Die Klägerin trägt vor, für die von ihr "substantiiert vorgetragenen Beschwerden", namentlich eine "faktische Blindheit", sei vorsorglich Beweiserhebung beantragt worden, das LSG sei aber ihrem Beweisantrag ohne hinreichende Begründung nicht gefolgt. Mit diesem Vorbringen sind die Darlegungsanforderungen nicht erfüllt. Die Klägerin formuliert damit nicht, welchen Beweisantrag zu welchem (nach der Rechtsauffassung des LSG entscheidungserheblichen) Beweisthema sie gestellt haben will. Jedenfalls aber trägt sie nicht vor, dass sie an dem behaupteten Beweisantrag sowie auch auf die erfolgte Anhörung nach § 153 Abs 4 SGG erneut und ausdrücklich festgehalten oder ihn erstmals gestellt habe.

Auch soweit die Klägerin einwendet, das LSG sei auf ihren Vortrag zur faktischen Blindheit nicht eingegangen, und sie damit die Verletzung rechtlichen Gehörs (Art 103 Abs 1 GG , § 62 SGG ) rügen möchte, genügt ihr Vorbringen nicht den gesetzlichen Darlegungsanforderungen. Für die Darlegung einer Gehörsrüge müssen im Einzelfall besondere Umstände deutlich gemacht werden, dass tatsächliches Vorbringen eines Beteiligten entweder überhaupt nicht zur Kenntnis genommen oder doch bei der Entscheidung nicht erwogen worden ist (stRspr; vgl zB BVerfG vom 22.11.1983 - 2 BvR 399/81 - BVerfGE 65, 293 , 295 f = SozR 1100 Art 103 Nr 5; BSG vom 15.4.2019 - B 13 R 233/17 B - juris RdNr 18). Im Rahmen dieser sogenannten Erwägensrüge gilt die tatsächliche Vermutung, dass ein Gericht das Vorbringen der Beteiligten und den Akteninhalt zur Kenntnis genommen und erwogen hat, zumal es nach Art 103 Abs 1 GG nicht verpflichtet ist, auf jeden Gesichtspunkt einzugehen, der im Laufe des Verfahrens von der einen oder anderen Seite zur Sprache gebracht worden ist (vgl BVerfG vom 8.7.1997 - 1 BvR 1621/94 - BVerfGE 96, 205 , 216 f). Die Klägerin führt selbst aus, ihre "faktische Blindheit" sei vom LSG nur "beiläufig erwähnt" und "als inhaltsleer angesehen" worden, ohne dass dies substantiiert begründet worden sei. Dass Vorbringen gänzlich übergangen oder nicht erwogen worden sei, zeigen diese Ausführungen gerade nicht auf. Letztlich liegt auch in diesem Vortrag keine Gehörs-, sondern eine Sachaufklärungsrüge, deren Vorliegen die Klägerin nicht substantiiert dargetan hat. Die Anforderungen an die Sachaufklärungsrüge dürfen nicht durch ein Ausweichen auf die Gehörsrüge umgangen werden (vgl BSG vom 14.4.2009 - B 5 R 206/08 B - SozR 4-1500 § 160 Nr 18 RdNr 6; BSG vom 18.5.2016 - B 5 RS 10/16 B - juris RdNr ), weil anderenfalls die Beschränkungen des § 160 Abs 2 Nr 3 Halbsatz 2 SGG im Ergebnis ins Leere liefen.

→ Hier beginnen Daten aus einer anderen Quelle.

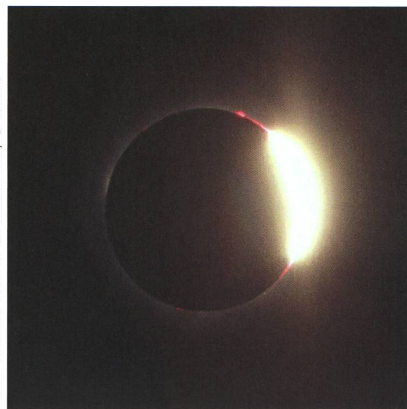
Abbildung 4: Der 3. Kontakt war um einiges imposanter als der zweite. Wie weissglühendes Metall quoll die Sonne um 12:49.1 Uhr MESZ wieder hinter dem Mondrand hervor.

rallinie stehen, denn keine 3 km vom Rand entfernt ist die «schwarze Sonne» schon während einer Minute zu sehen! Columbia und Jefferson City (Missouri) sind die beiden nächsten Stationen, über denen das Tagesgestirn erlischt. St. Louis am Mississippi liegt am Nordrand des Totalitätsstreifens und wird, ähnlich wie Kansas City, halbiert. Wer also Pech hat, sieht die Korona knapp nicht mehr, während man im südlichen Teil der Stadt das unvergessliche Schauspiel bis zu 2 min lang geniessen kann.
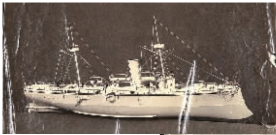
英国纽卡斯尔的泰恩—威尔档案馆拍摄的馆藏照片。

两米长的淡黄色亚麻纸已褶皱卷边，图纸上“Cruisers. Nos493&4”(“巡洋舰编号493和494”)字迹工整、墨迹清晰……尘封百年，甲午海战中抗击日舰后沉没的清北洋海军致远舰部分原厂设计图纸在其建造地——英国纽卡斯尔市的一家档案馆首次被发现，为打捞那段悲壮的历史提供了重要参考。专家认定其意义重大，为从军舰结构上剖析致远舰在甲午海战中的沉没原因提供了新的角度与可能。
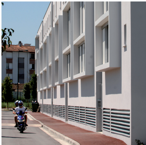
façade sur rue
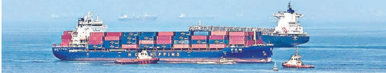
■ 霍峽問題再成美伊衝突重點。圖為一艘貨輪停泊在阿曼附近霍峽水域。

美國與伊朗近日再次交火，互相指責對方違反本月較早時達成的停戰諒解備忘錄。美方官員6月28日披露，美伊兩國已同意停止互相襲擊，由於局勢升級，原定30日在瑞士舉行的談判，改為在卡塔尔首都多哈進行，談判重點從伊朗核計劃轉為聚焦霍爾木茲海峽問題。伊朗外長阿拉格齊同日表示，伊朗會全權負責霍爾木茲海峽管理，獨攬控制權限。
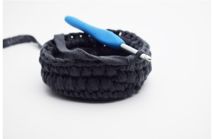
8. Upprepa varvet runt.
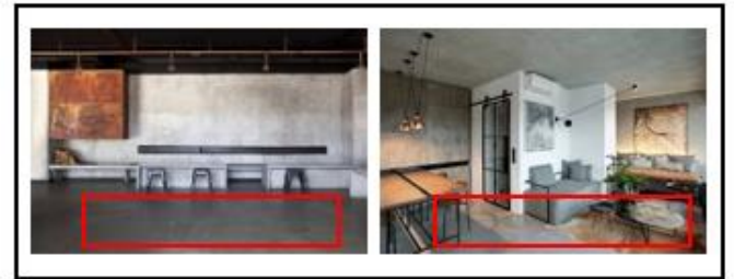
Gambar 3.4. Contoh konsep furniture
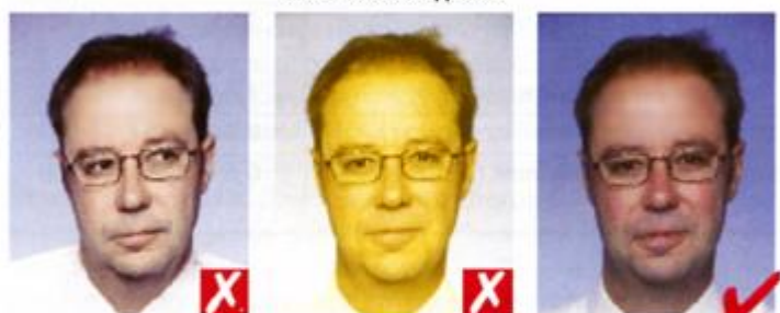
Смотрит в сторону
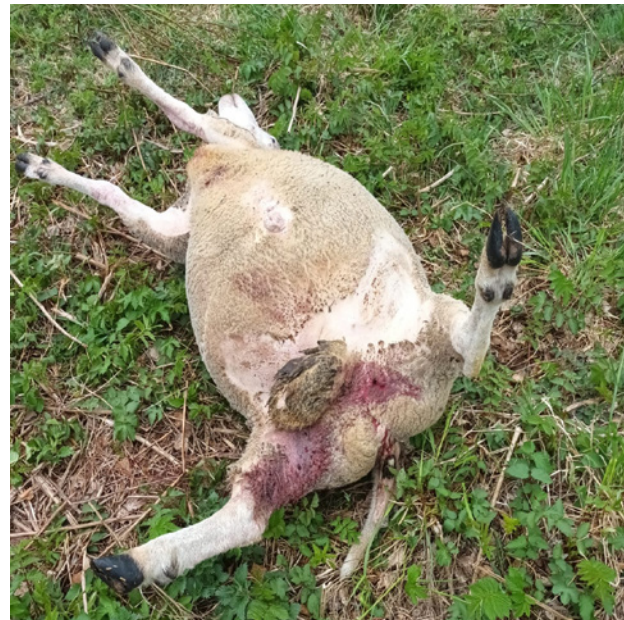
Sudet ovat tappaneet Tuikkasten tilalta kaikki viisi siitospässiä ja ahdistelleet myös muuta karjaa aivan pihapiirissä. Perjantaina tuli kaatolupapäätös.

- Jahtimiehet tulivat heti passiin, nyt ei ole enää rosvoilla pihalle asiaa, Juho toteaa tyytyväisenä.
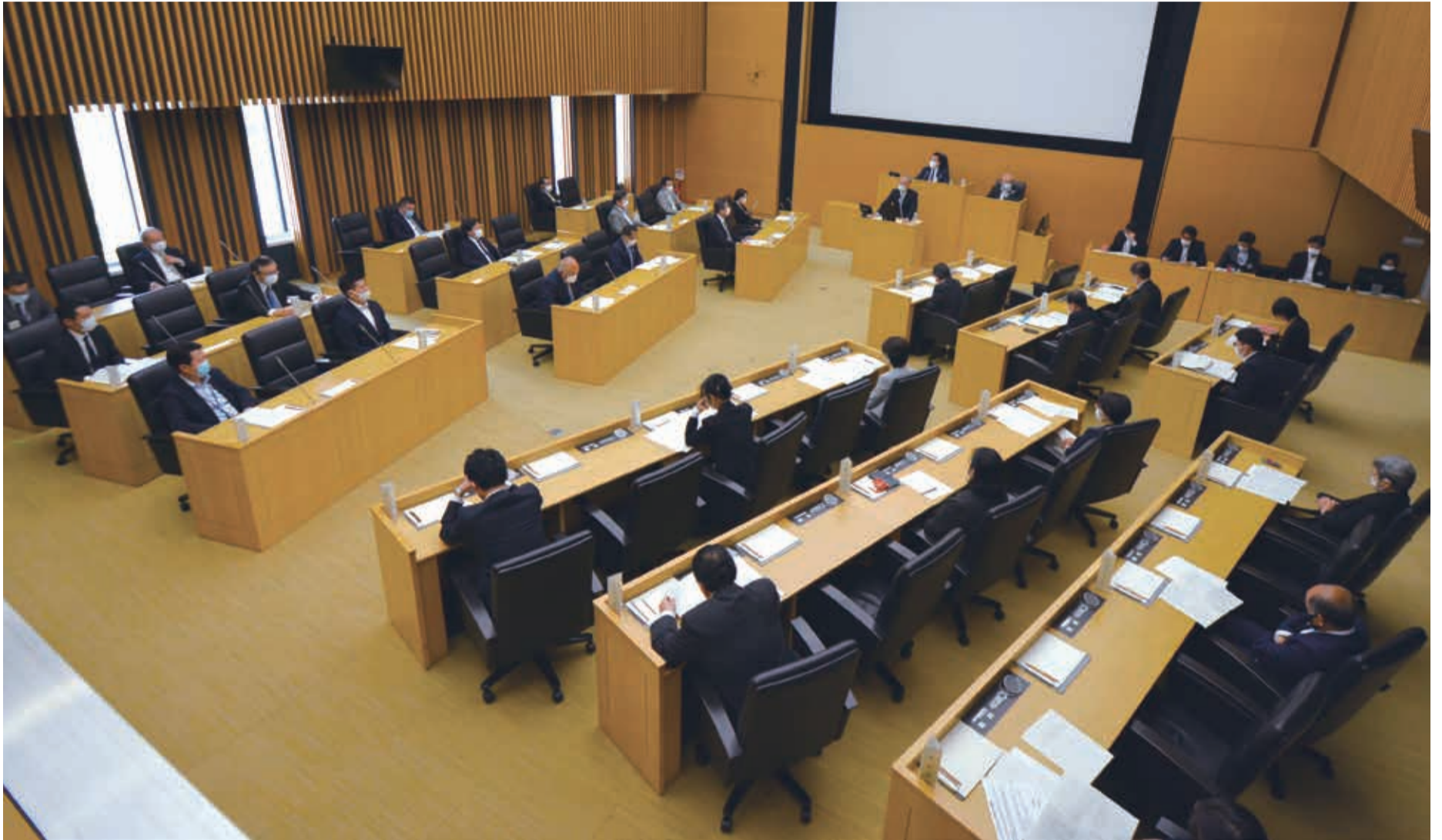
令和2年第1回臨時会 審議の様子（新型コロナウイルス感染症防止対策として議席の間隔を空けて着席）
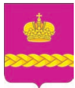
Ольгинское СП ГГР РФ - № 7182
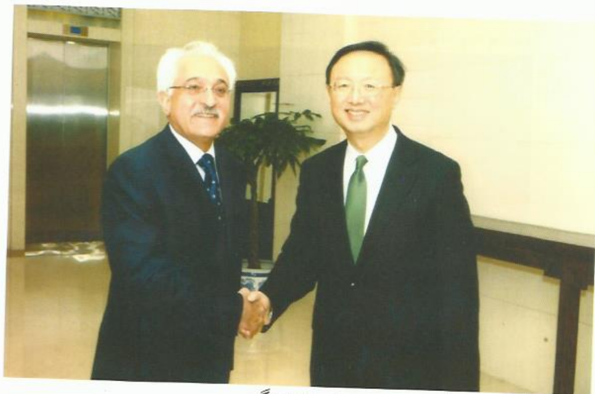
دیدار با یاگیشی، وزیر خارجه‌ی جمهوری مردم چین، بیجنگ.
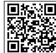
申込フォーム QRコード
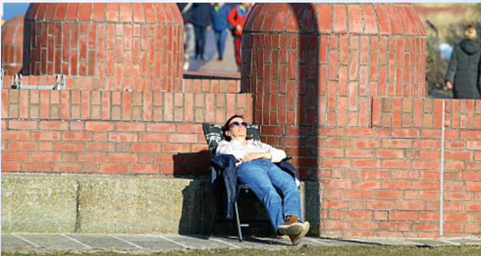
Foto-Mix zum Frühling
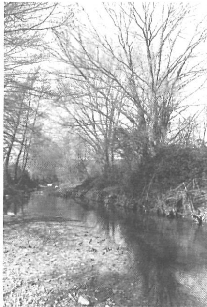
«El record de l'Onyar utilitzat per banyar-s'hi, beure-hi o pescar és molt recent encara»

Si l'Onyar tingués una llegenda d'aquestes de llibre, amb dones d'aigua o bruixes dels gorgs, ben segur que s'hagués originat pels voltants de la resclosa de can Borra o més amunt i tot, prop del seu naixement. Però ni les persones més grans i arrelades a la contrada ni els llibres d'històries i llegendes no saben res del tema, com si tot l'anecdotari del riu es reduís a les seves
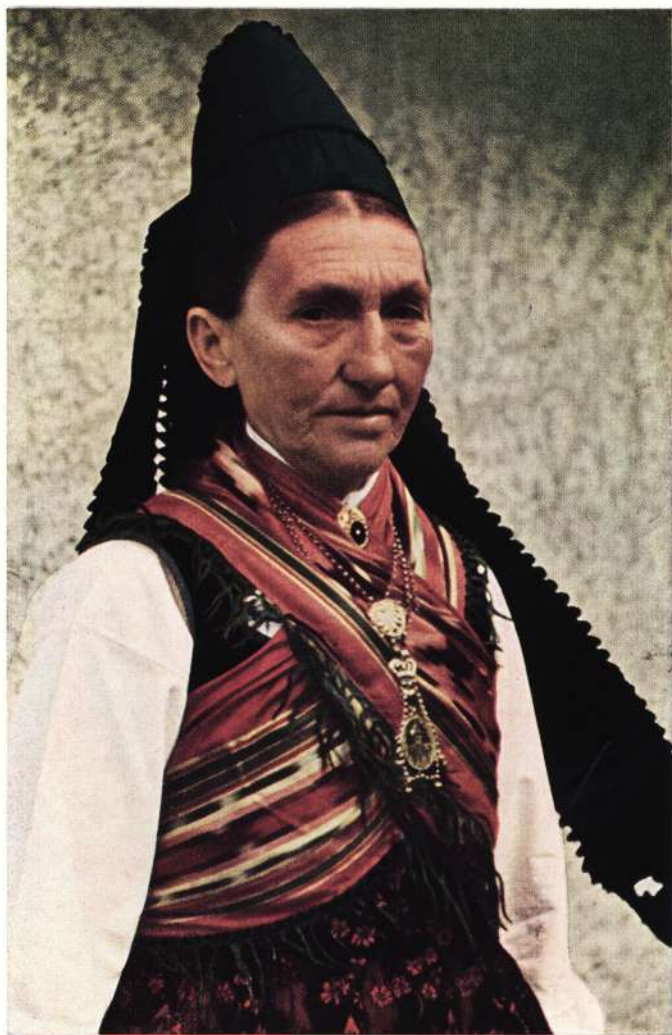
Haselbacher (Rhön)
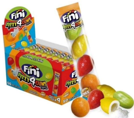
4937 - CHICLE MACEDONIA GR.20 PZ.50 FINI
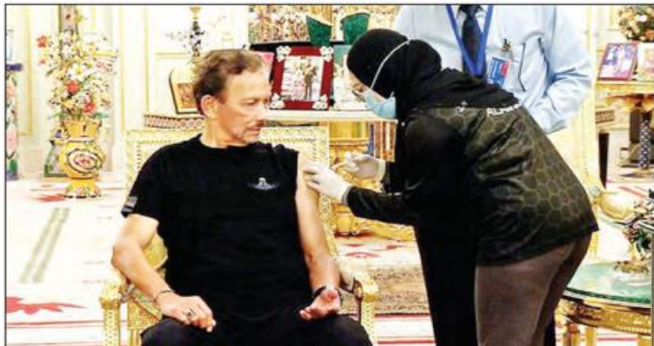
ကာကွယ်ဆေးနှင့် AstraZeneca ကိုဗစ်-၁၉ ရောဂါ ကာကွယ်ဆေးနှစ်မျိုးကို နိုင်ငံတစ်ဝန်းသို့ ဖြန့်ဖြူးပေးခဲ့ပြီးဖြစ်ကြောင်း ၎င်းက ဆက်လက်ပြောကြားခဲ့သည်။ အသက် ၁၈ နှစ်နှင့်အထက် ပြည်သူအားလုံး ကိုဗစ်-၁၉ ရောဂါကာကွယ်ဆေးများကို အခမဲ့ထိုးနှံမှုခံယူရမည်ဖြစ်သည်။ ကာကွယ်ဆေးထိုးနှံမှုအစီအစဉ်၏ ဦးစားပေးစာရင်းတွင် ကျန်းမာရေးလုပ်သားများနှင့် ဘရူနိုင်းဘုရင်တပ်မတော်မှ တပ်ဖွဲ့ဝင်များအပါအဝင် သီးခြား

ဘန်ဒါဆရီဘီဂါဝန် ဧပြီ ၄ ဘရူနိုင်းနိုင်ငံ၌ ကိုဗစ်-၁၉ ရောဂါ ကာကွယ်ဆေး ထိုးနှံမှုအစီအစဉ်ကို ယမန်နေ့တွင် စတင်ခဲ့ကြောင်း ယနေ့သတင်းများအရ သိရသည်။ ပြည်သူ ၇၅၄ ဦးက နိုင်ငံတစ်ဝန်းရှိ ကာကွယ်ဆေးထိုးနှံပေးရေးစင်တာများ၌ ကာကွယ်ဆေးပထမအကြိမ် ထိုးနှံမှုခံယူခဲ့ကြောင်း ဘရူနိုင်းကျန်းမာရေးဝန်ကြီးဌာန၏ ထုတ်ပြန်ချက်တွင် ဖော်ပြထားသည်။ ယင်းတို့အနက် ကျန်းမာရေးဝန်ကြီး ဟာဂျီ အာဝန် မိုဟာမက်အစ္စဟာမ်လည်း ပါဝင်ခဲ့ကြောင်း သိရသည်။ ဝန်ကြီး ဟာဂျီ အာဝန် မိုဟာမက်အစ္စဟာမ်က Raja Isteri Pengiran Anak Saleha ဆေးရုံ၌ ကာကွယ်ဆေးပထမအကြိမ် ထိုးနှံမှုခံယူခဲ့သည်။ နိုင်ငံနှင့် လူမျိုးစုံအမျိုးစုံများကို ကာကွယ်ရန် အရွယ်ရောက်ပြီးသော နိုင်ငံသားများအနေဖြင့် ကိုဗစ်-၁၉ ရောဂါကာကွယ်ဆေး ထိုးနှံရန်လိုအပ်ကြောင်း ကျန်းမာရေးဝန်ကြီး ဟာဂျီ အာဝန် မိုဟာမက်အစ္စဟာမ်က ပြောကြားခဲ့သည်။ ထို့ပြင် တရုတ်နိုင်ငံထုတ် Sinopharm ကိုဗစ်-၁၉ ရောဂါ
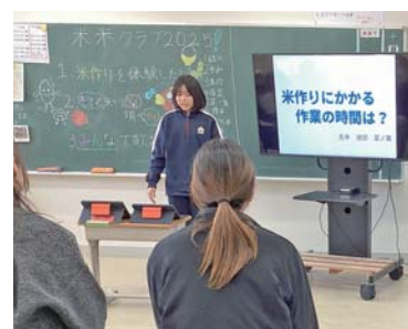
▲5年生の発表の様子
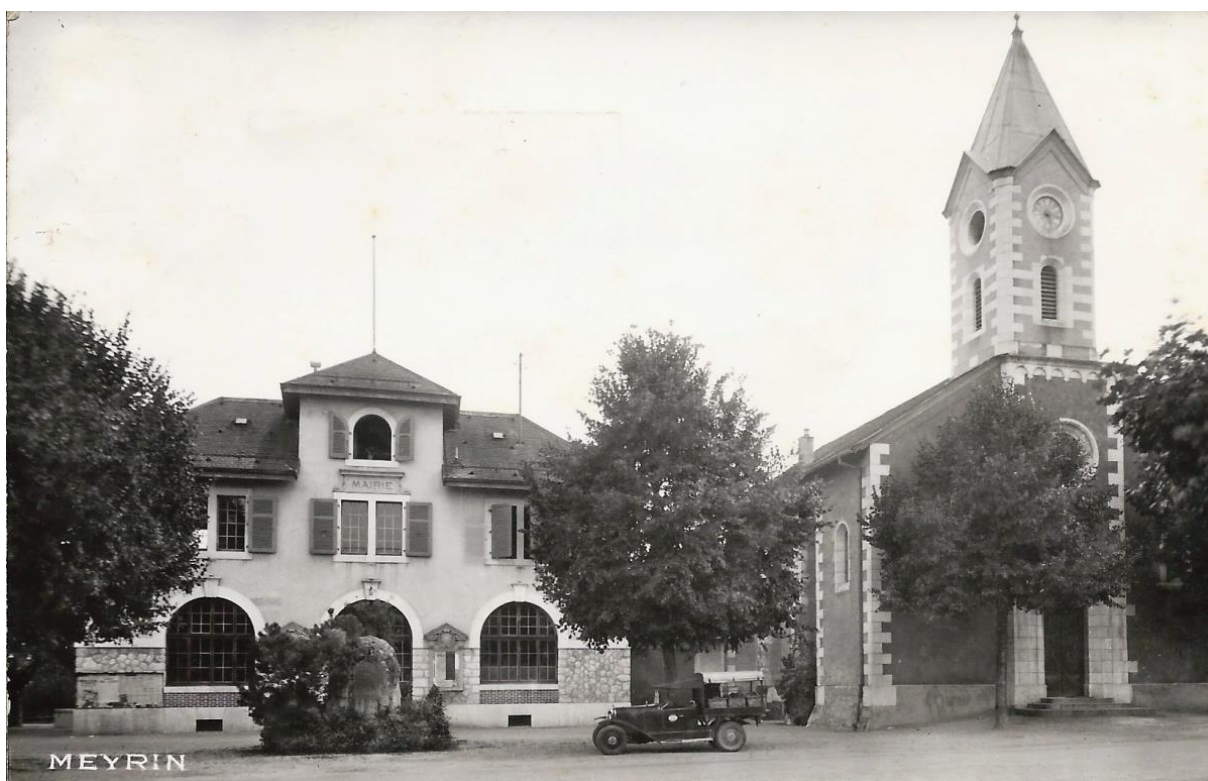
Mairie et église St-Julien dans les années 40.

2. Wer sich auf den Zulassungsgrund der grundsätzlichen Bedeutung beruft, muss eine Rechtsfrage klar formulieren und ausführen, inwiefern diese Frage im angestrebten Revisionsverfahren entscheidungserheblich sowie klärungsbedürftig und über den Einzelfall hinaus von Bedeutung ist (vgl zB BSG vom 17.4.2012 - B 13 R 347/11 B - SozR 4-2600 § 72 Nr 5 RdNr 17 mwN; zur verfassungsrechtlichen Unbedenklichkeit dieses Maßstabs BVerfG vom 14.4.2010 - 1 BvR 2856/07 - SozR 4-1500 § 160a Nr 24).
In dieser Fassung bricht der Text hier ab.